● Aim of the task: For every entry, reproduce the wording exactly and omit any image it holds.

Records section start

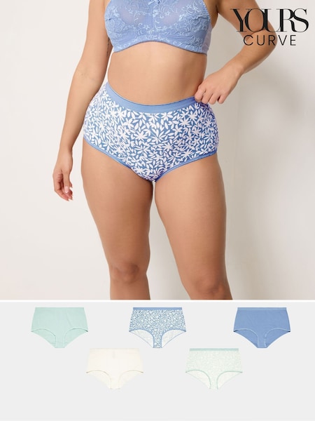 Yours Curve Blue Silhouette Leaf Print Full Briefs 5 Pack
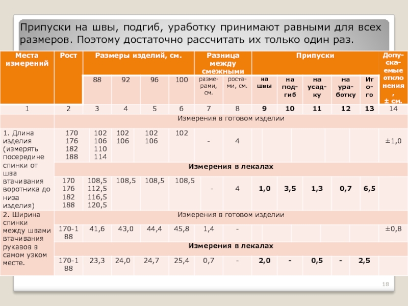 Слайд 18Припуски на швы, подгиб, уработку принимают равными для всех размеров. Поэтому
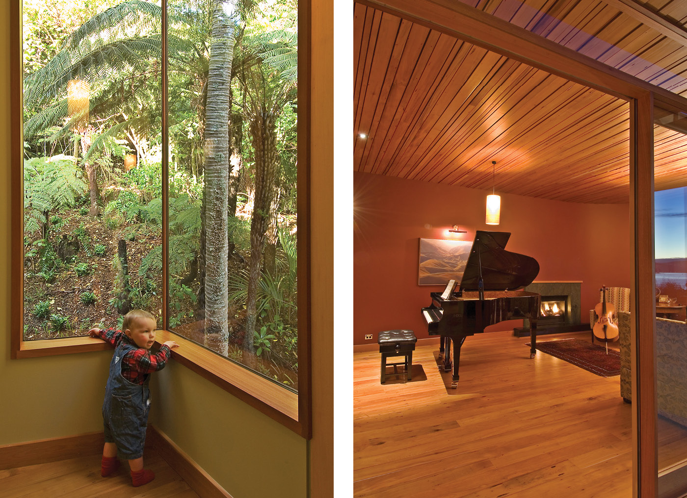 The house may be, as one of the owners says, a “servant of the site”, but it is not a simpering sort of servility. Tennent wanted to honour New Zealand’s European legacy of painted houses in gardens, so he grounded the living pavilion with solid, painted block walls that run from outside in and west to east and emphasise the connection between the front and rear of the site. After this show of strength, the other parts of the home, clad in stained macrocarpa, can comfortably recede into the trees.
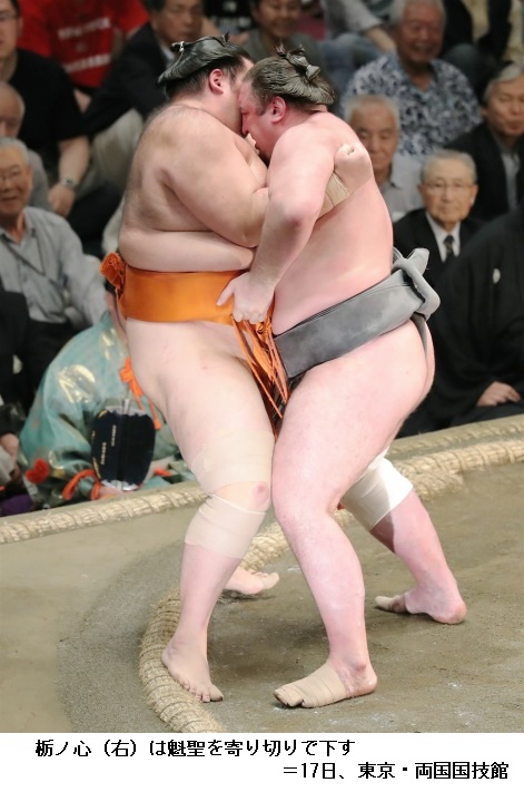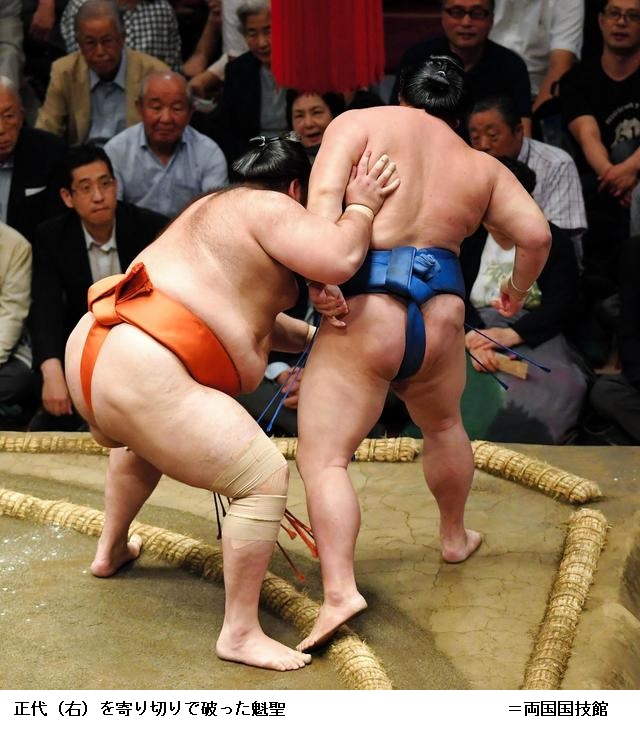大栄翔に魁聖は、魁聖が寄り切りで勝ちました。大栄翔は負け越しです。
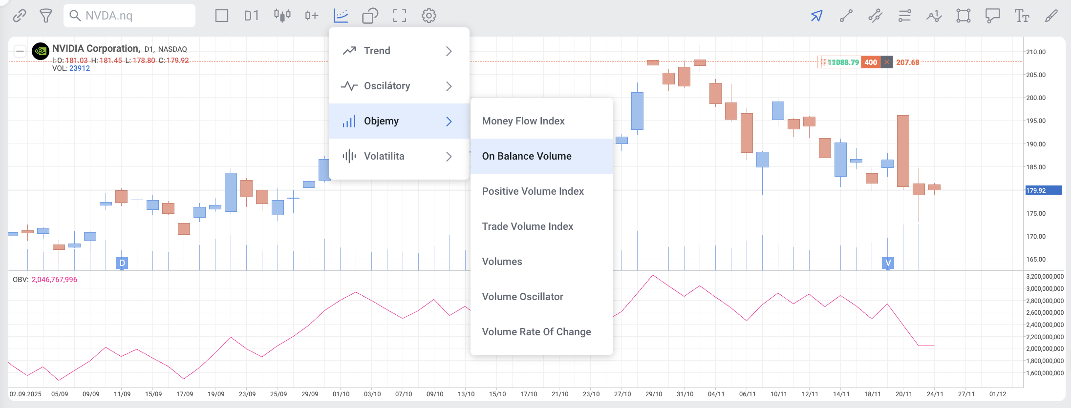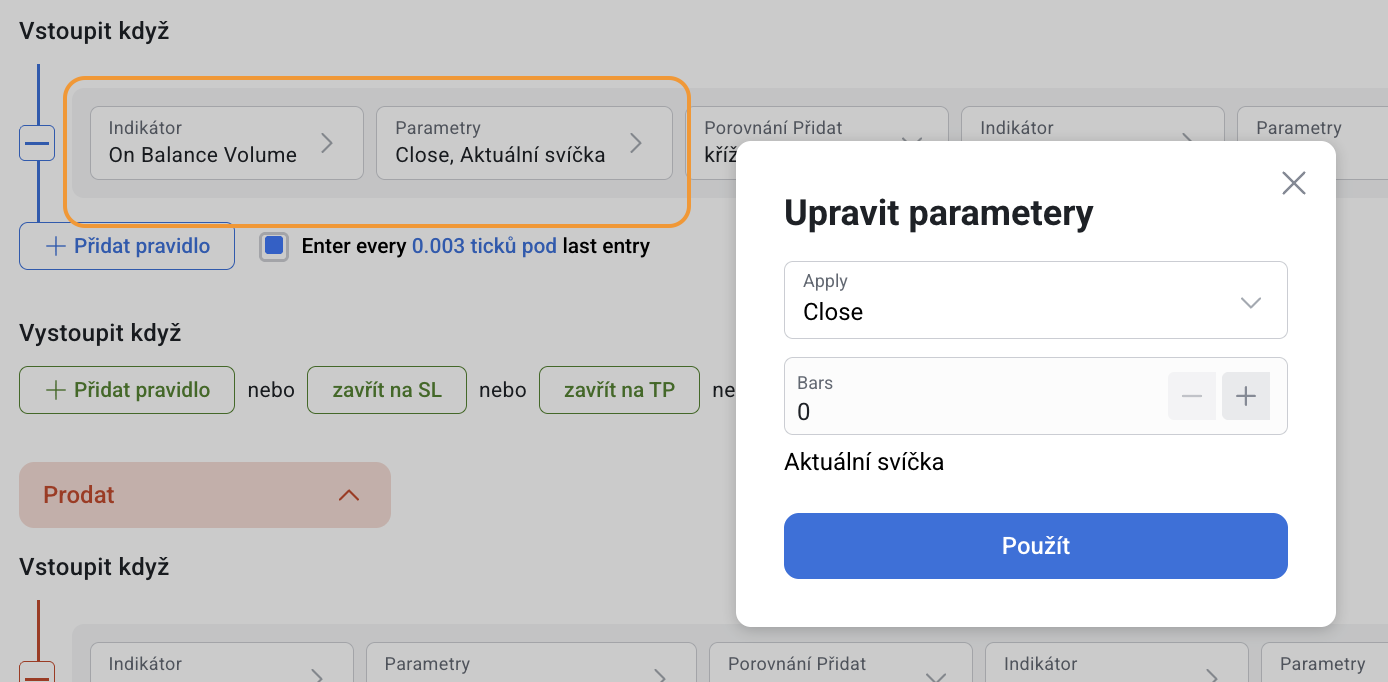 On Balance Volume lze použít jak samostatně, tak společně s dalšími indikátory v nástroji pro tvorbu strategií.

Records section end

● Task result:
 Yours Curve Blue Silhouette Leaf Print Full Briefs 5 Pack
 Слайд 18Припуски на швы, подгиб, уработку принимают равными для всех размеров. Поэтому
 The house may be, as one of the owners says, a “servant of the site”, but it is not a simpering sort of servility. Tennent wanted to honour New Zealand’s European legacy of painted houses in gardens, so he grounded the living pavilion with solid, painted block walls that run from outside in and west to east and emphasise the connection between the front and rear of the site. After this show of strength, the other parts of the home, clad in stained macrocarpa, can comfortably recede into the trees.
大栄翔に魁聖は、魁聖が寄り切りで勝ちました。大栄翔は負け越しです。
 On Balance Volume lze použít jak samostatně, tak společně s dalšími indikátory v nástroji pro tvorbu strategií.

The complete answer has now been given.